— Марина, не начинай, — поморщился муж, Олег. — Это же Зоя, сестра. Они из Воронежа приехали, устали. Побудут всего-то до вторника.
— Всего-то? — Марина зло хлопнула дверцей. — В прошлый раз, когда мы к ним на юбилей ездили, помнишь, чем нас Зоенька угощала?
Олег сделал вид, что не помнит. Но Марина помнила.
Она помнила тот промозглый вокзал, сухие бутерброды, купленные втридорога, и быстрые проводы.

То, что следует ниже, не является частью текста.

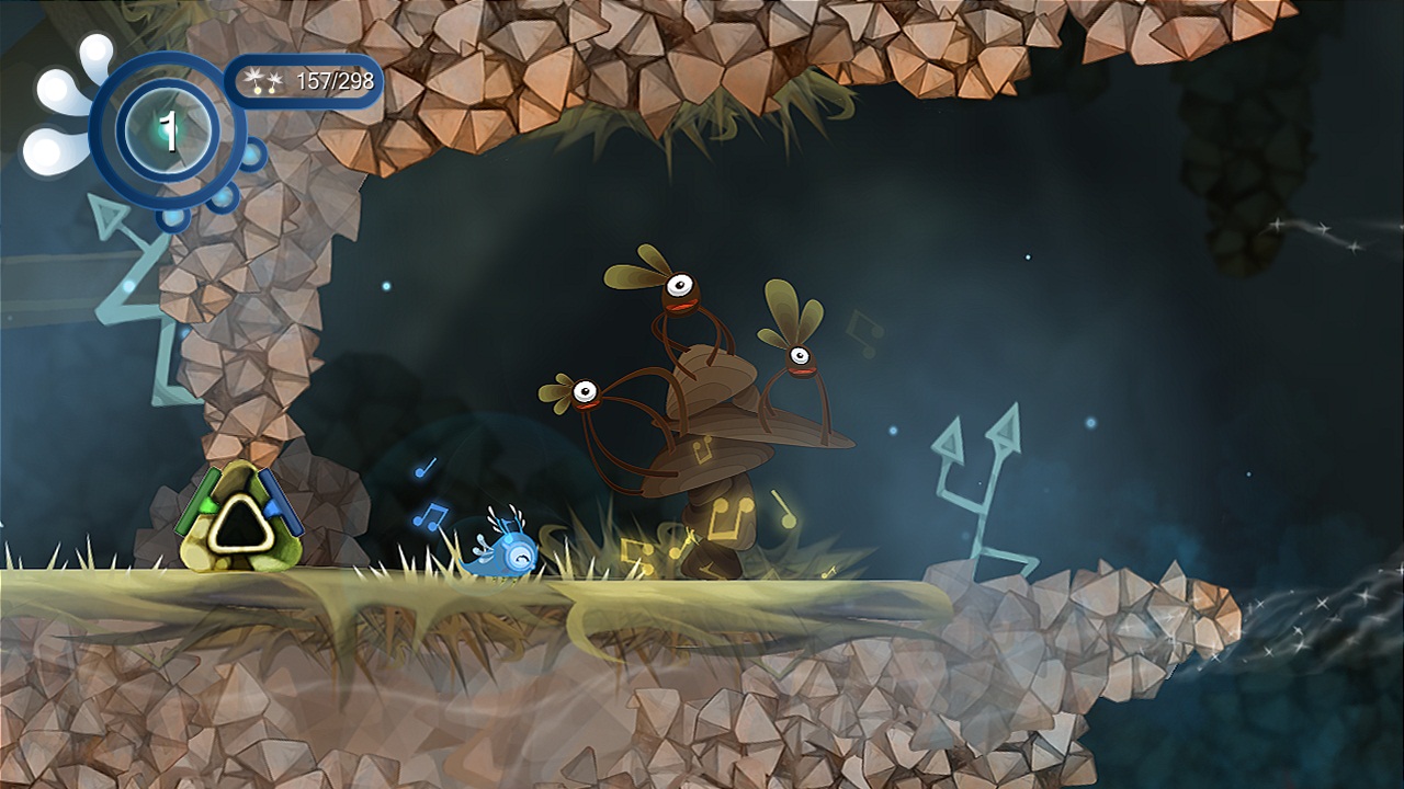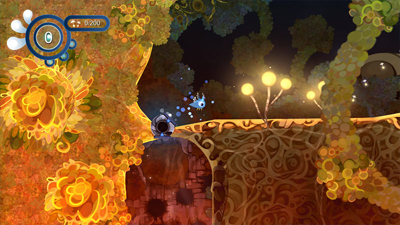Остановимся на процессе игры чуть подробнее. Каждому персонажу доступны 2 основных режима игры: Daytime и Dream Like Night. Проходить уровни придётся в обоих режимах. Также геймплей сосредоточен на сборе семян и специальных голубых орбов. Последние ни единожды пригодятся при прохождении уровня, поскольку принимают непосредственное участие в решении головоломок. Кстати, пазлы тут не особо сложные и зачастую решаются, лишь использованием способностей бадов. Но есть и другой тип головоломок, где нужно задвинуть ящики на переключатели, которые откроют доступ к новым частям уровня. А вот голубые орбы как раз тут и пригодятся.

Их даже в дом не позвали — тот самый новый, трехэтажный, фотографиями которого Зоя завалила все «Одноклассники». «Ой, у нас тут ремонт не доделан, пыльно, вам же хуже будет», — ворковала она, кутаясь в норковую жилетку.

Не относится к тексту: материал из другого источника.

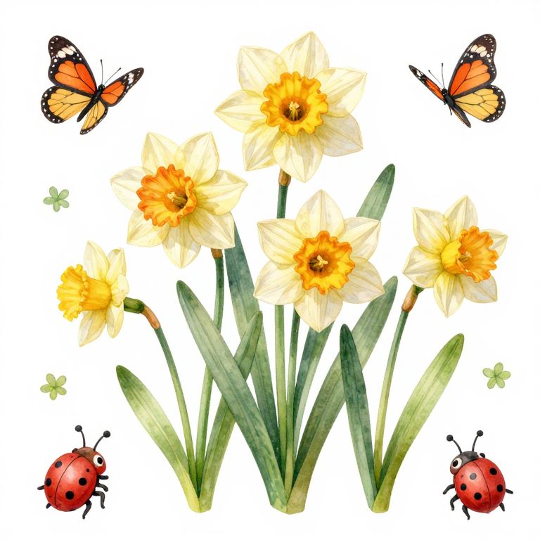 A whimsical watercolor illustration featuring daffodils, butterflies, and cute bugs, with a Pixar-style aesthetic and a white background.

А теперь эта «норка» сидела на их скромной кухне в старой «панельке» и брезгливо ковыряла вилкой салат.
— Марин, а у тебя чай только «Принцесса Нури»? — протянула Зоя, скривив накрашенные губы. — Мы такой не пьем, у нас от него изжога.
Рядом согласно кивала свекровь, Светлана Петровна, тихо вздыхая, словно ее привезли не в гости, а на каторгу. Муж Зои, Анатолий, молча поглощал третье пирожное, роняя крошки на старую, но чистую скатерть.
— Какой есть, — отрезала Марина, чувствуя, как внутри закипает глухое раздражение. Она крутилась у плиты с пяти утра, чтобы накрыть стол «не хуже, чем у людей». Ноги гудели.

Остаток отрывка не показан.